The Department of Health and Human Services (HHS) Office for Civil Rights has sent its annual reports to Congress regarding compliance with the HIPAA Privacy, Security, and Breach Notification Rule and exposure of unsecured protected health information (PHI) for 2022.

HIPAA Compliance in 2022

OCR details in the yearly report that large data breaches have increased 107% from 2018 to 2022. Concerns concerning possible HIPAA violations have grown by 17% in a similar time. OCR currently needs to examine if an entity has applied recommended security procedures when deciding penalties. Because of this, OCR’s work has substantially increased but OCR has not been provided extra funds. OCR likewise re-examined the terms of the HITECH Act in 2019 and lessened the fine amounts in three penalty tiers, making it possible to pay smaller fines. The rise in workload and minimizing of the penalty sums has put significant pressure on OCR’s small team and sources. Insufficient resources are hindering its means to inspect complaints and data breaches during the significant increase in cyberattacks on the healthcare market. OCR is expected by the HITECH Act to carry out annual audits to evaluate HIPAA compliance, although no such audits were done in 2022 because of insufficient financial resources.

Overview of HIPAA Issues

In 2022, complaints were reduced by 11% year-over-year, and compliance assessments increased by <1%. There were 30,435 new complaints obtained claiming HIPAA Regulations and the HITECH Act violations. 11,465 complaints were unresolved from prior years. 32,250 complaints had been solved even prior to starting an investigation. 2,882 complaints were settled via technical support and 560 resolved complaints through voluntary corrective action. 686 complaints did not have enough evidence of HIPAA violations. 15 complaints were investigated and ended in OCR giving technical help. 17 complaints were settled via resolution agreements, corrective measures, and financial settlements ($802,500). One settled complaint required a $100,000 civil monetary penalty.
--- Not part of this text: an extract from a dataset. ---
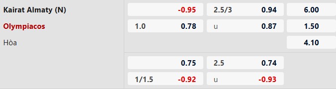 Nhận định kèo tài xỉu Kairat Almaty vs Olympiacos:

OCR began 676 compliance reviews and finished 846 compliance reviews with 674 needing corrective measures or payment of a civil monetary fine. Three compliance reviews were settled through settlement agreements and payments up to $2,425,640. The other 172 (20%) were solved with technical support (4%), lack of proof was identified to show a HIPAA Rules violation (11%), or caused by OCR missing jurisdiction to inspect the accusations (5%). A copy of the OCR HIPAA compliance report sent to Congress is available in this pdf.

Healthcare Data Breaches in Calendar Year 2022

In 2022, OCR got 626 reports of breaches involving at least 500 data, which signifies a 3% growth from 2021. Throughout those occurrences, the PHI of 41,747,613 persons was compromised. The principal cause of those security breaches was hacking. OCR additionally acquired 63,966 reports of breaches affecting less than 500 persons impacting 257,105 people. This shows that small breaches grew by 1% from 2021.

OCR inspected all of the sizeable data breaches as well as two of the small breaches and carried out 799 breach inspections in 2022. Investigations that found probable HIPAA violations were settled by way of technical help, voluntary compliance, corrective action plans (CAPs), and monetary repayments. In 2022, OCR closed three investigations through monetary payments/CAPs – New England Dermatology & Laser Center; Banner Health Oklahoma State University – Center For Health Sciences – and obtained $2,425,640 from these deals.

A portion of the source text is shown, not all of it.